Retrieve the signed certificate:

Retrieve Certificate
kubectl get csr myuser -o jsonpath='{.status.certificate}' | base64 --decode > client.crt
note

What happened? You've registered your certificate request with Kubernetes, approved it (as cluster admin), and retrieved the signed certificate. This certificate + private key pair is now your authentication credential for the remote cluster.

Step 3.6: Get CA Certificate

What we're doing: Extracting the cluster's CA certificate. This will be needed for the optional test in the next section, and later in Step 4 when adding the cluster to Ilum.

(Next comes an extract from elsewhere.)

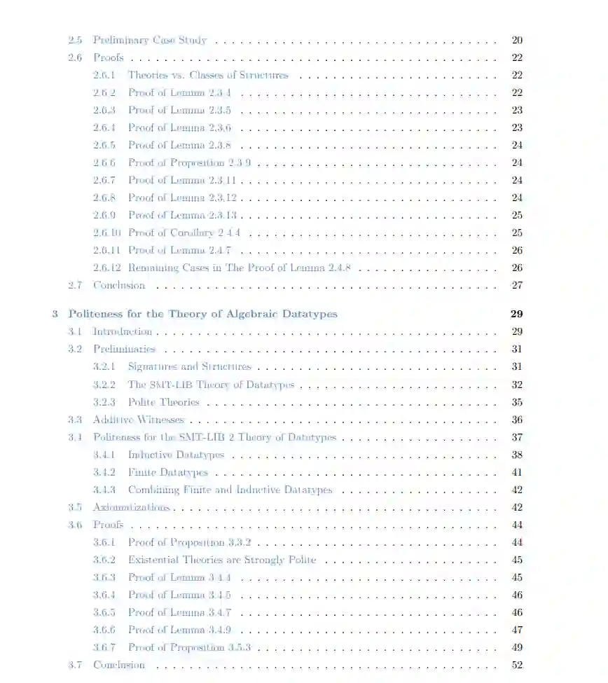 可满足性模理论(SMT)求解在自动化推理中是一种强大的技术,专门解决结合命题逻辑和背景理论的问题。与只处理真假命题的经典命题逻辑不同,SMT结合了可判定的一阶逻辑理论,如算术或等式约束。这允许对涉及整数、实数或特定数据结构的问题进行推理。SMT求解器通过系统地探索搜索空间,在指定的理论下评估公式的真值。由于将逻辑与这些理论相结合的内在复杂性,高效的求解算法和专门的决策过程对于解决现实世界的SMT问题至关重要。可满足性模理论(SMT)求解的最新技术不断发展,重点是提高效率和处理日益复杂的问题。尽管已经取得了令人瞩目的进展,但对于高度复杂的SMT问题实现可处理的解决时间仍然是一个活跃的研究领域。 本论文的第一部分涵盖了这一范围内的三个研究课题,包括更好地理解和提高理论组合的效率以及利用代数数据类型和序列的两种特定理论。在第二章中,我们对SMT中礼貌组合的研究做出了两项贡献。首先是一个困难结果,通过展示一个礼貌理论但不是强礼貌的例子,揭示了礼貌和强礼貌之间的区别。第二项贡献是对礼貌组合方法的优化,借鉴了Nelson-Oppen方法。我们展示了在某些条件下,可以减少礼貌组合所需的枚举安排的复杂性。在第三章中,我们研究了数据类型理论,并证明其是强礼貌的,展示了如何使用礼貌组合将其与其他任意不相交的理论相结合。在第四章中,我们介绍了一种用于推理向量的序列理论。与使用现有的数组理论相比,新的序列理论更具表现力,并且推理速度更快。

Get and save the CA certificate:

Get CA Certificate
kubectl config view --minify --raw -o jsonpath='{.clusters[0].cluster.certificate-authority-data}' | base64 --decode > ca.crt

Verify the certificate was saved correctly:

Verify CA Certificate
openssl x509 -in ca.crt -text -noout | head -n 5
tip

Why do we need this?

  • CA Certificate: Verifies the cluster's identity (prevents man-in-the-middle attacks)
  • Flags: --minify gets only current context, --raw gets actual data instead of file paths

Step 3.7: Grant Permissions with Role Binding

What we're doing: Giving the certificate user (myuser) admin permissions on the remote cluster.

Create rolebinding.yaml:

apiVersion: rbac.authorization.k8s.io/v1
kind: ClusterRoleBinding
metadata:
name: myuser-admin-binding
subjects:
- kind: User
name: myuser # Match your username
apiGroup: rbac.authorization.k8s.io
roleRef:
kind: ClusterRole
name: cluster-admin
apiGroup: rbac.authorization.k8s.io

Apply the role binding to the remote cluster:

Apply Role Binding
kubectl apply -f rolebinding.yaml
warning

Security: We're granting cluster-admin for simplicity. In production, create a custom role with only the permissions Ilum needs:

  • Create/delete pods, services, configmaps
  • Read secrets
  • Manage persistent volumes

Step 3.8: Configure Service Account Permissions

What we're doing: Granting permissions to the ServiceAccount that Spark pods will use.

important

What is a Service Account? It's the Kubernetes equivalent of a user for pods. Spark driver pods use it to create executor pods and manage resources in the cluster.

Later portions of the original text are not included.